To check your own situation interactively, use the eligibility quiz in the pathway explorer.
At a glance
| Competent Authority pathway | Specialist pathway | |
|---|---|---|
| Who it is for | Doctors trained and fully registered with a recognised Competent Authority (UK GMC, Medical Council of Ireland, and recognised US/Canada/NZ authorities) | Internationally trained specialists (including specialist GPs) seeking recognition of a completed overseas specialty |
| AMC exams | Not required | Not required (assessed by the relevant Australian specialist college) |
| Assessed by | Medical Board of Australia / AHPRA | The relevant Australian specialist college (e.g. RACGP, RACP, RACS) via a comparability assessment |
| End state | General registration | Specialist registration in the recognised specialty |
| Fellowship (e.g. FRACGP) | Pursued afterwards through a college program | Effectively the point of the assessment — comparability is judged against the college Fellowship |
| Typical outcome | Provisional registration → supervised practice → general registration | Substantially / partially / not comparable — each with a different next step |
Why this is the most common point of confusion
A UK or Irish GP holding MRCGP or MICGP with CCT is eligible for both routes, and they are genuinely different products:
- Via the Competent Authority pathway, that GP enters as a generally registered doctor and can begin supervised practice quickly, then works toward general registration. FRACGP, if wanted, comes later through an RACGP program (PEP or FSP). See the Competent Authority guide for UK & Ireland doctors.

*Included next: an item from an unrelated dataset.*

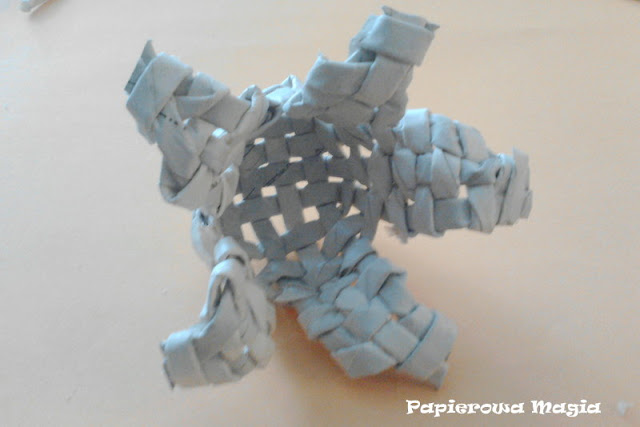 3.Dzielimy rurki na 5 części, po 3 na płatek. Dalej pleciemy w górę 4 razy i zakańczamy.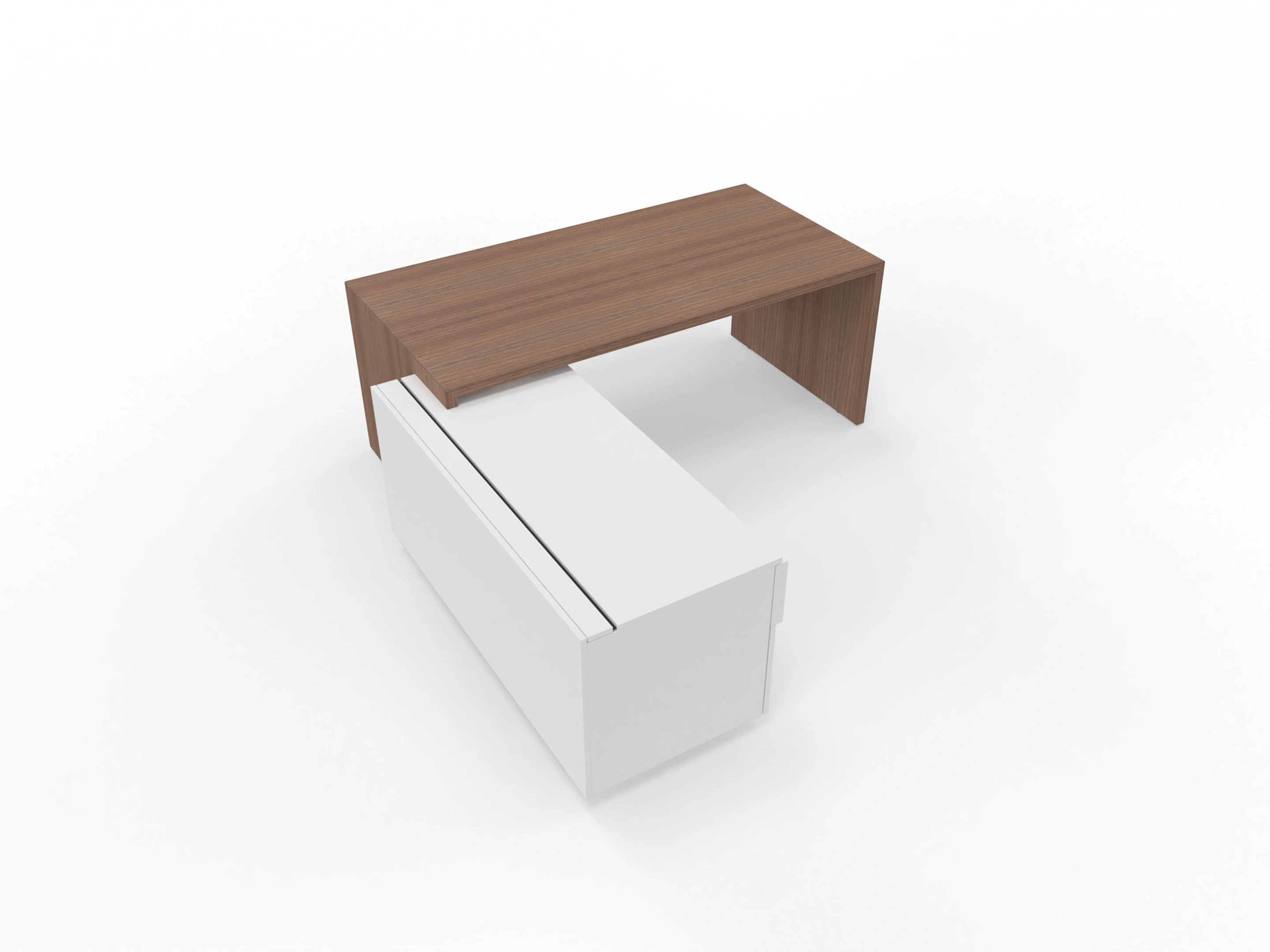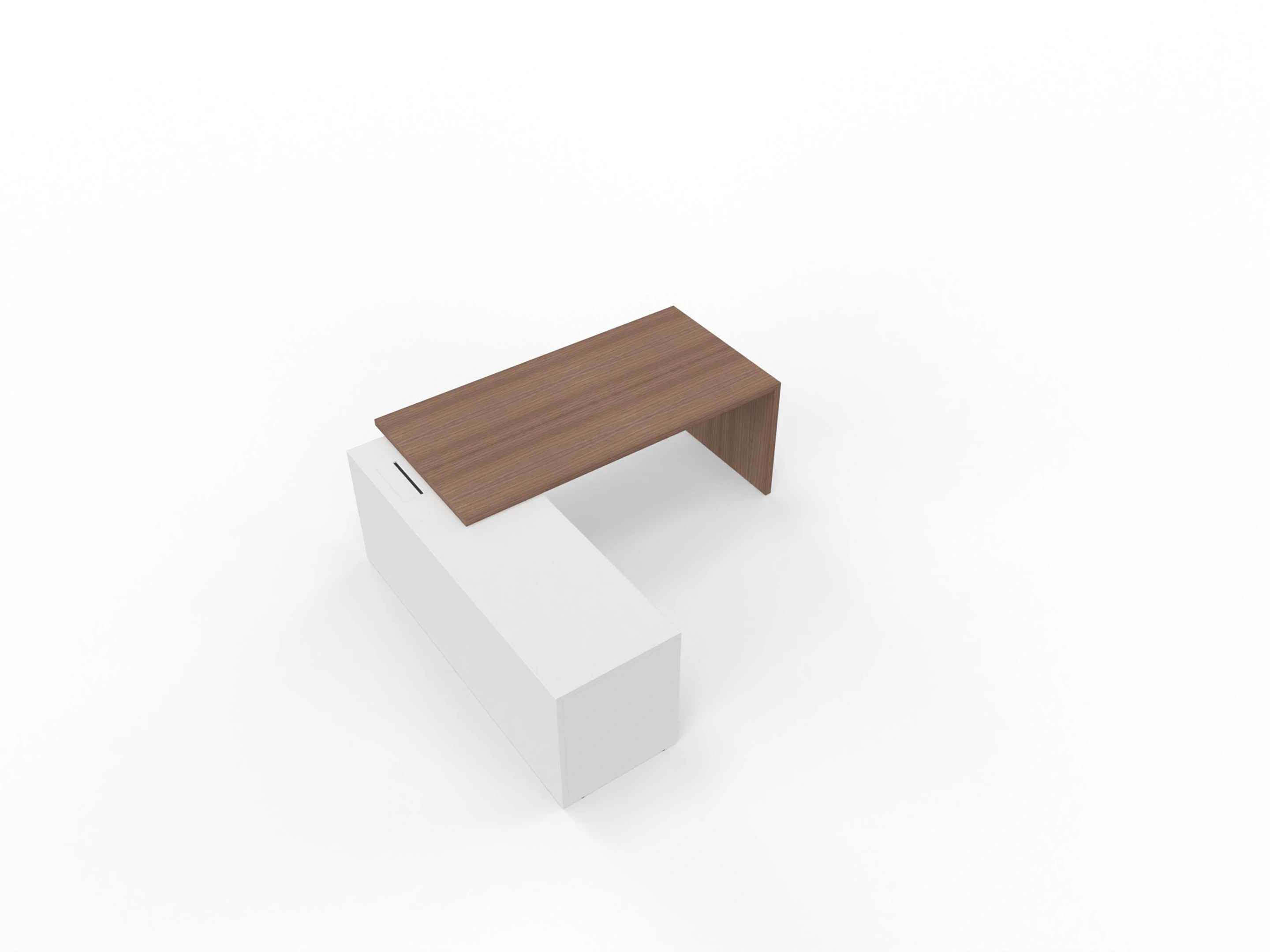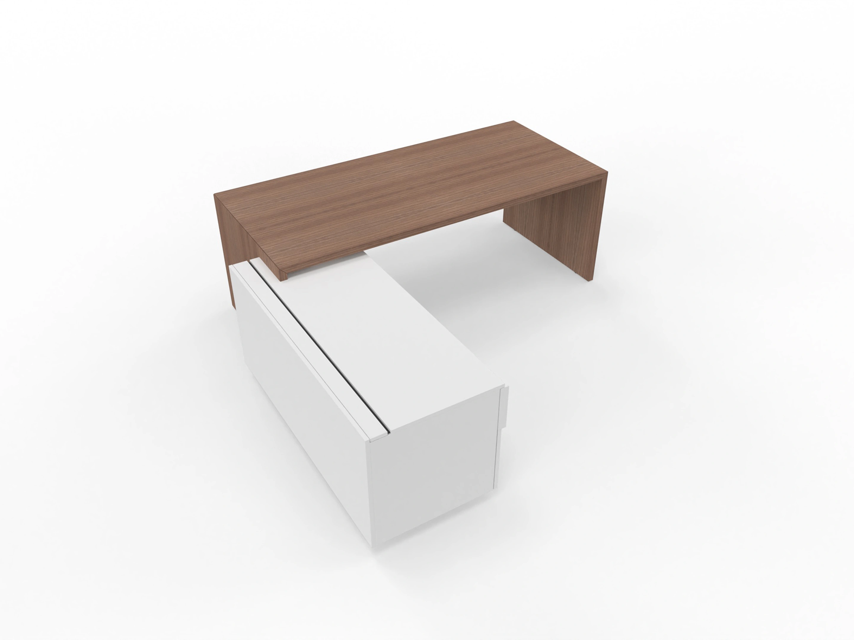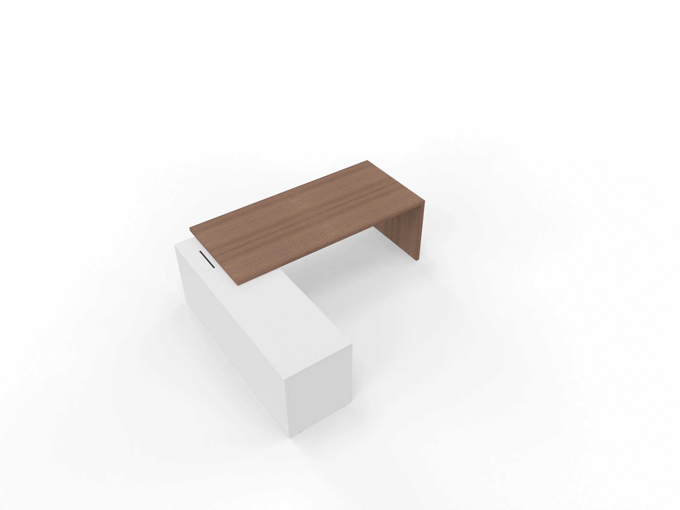 T45 directiebureau - Met hoekladenblok (links), 192cm, sier achterwand

- Via the Specialist pathway, the same GP asks RACGP to assess their MRCGP/MICGP as comparable to FRACGP. If substantially comparable, a short supervised period leads to specialist (GP) registration directly. See the Specialist pathway explainer.
Neither is universally "better" — the Competent Authority route is usually faster to earning a living, while the Specialist route is the cleaner path to being recognised as a specialist GP without a separate Australian Fellowship program. Many doctors start earning via Competent Authority + after-hours work while a specialist assessment runs in parallel.
The Specialist pathway outcomes
When a college assesses an overseas specialist, the result is one of three:
- Substantially comparable — a short period of supervised practice, then specialist registration.
- Partially comparable — targeted upskilling, exams, or a longer supervised period to close specific gaps.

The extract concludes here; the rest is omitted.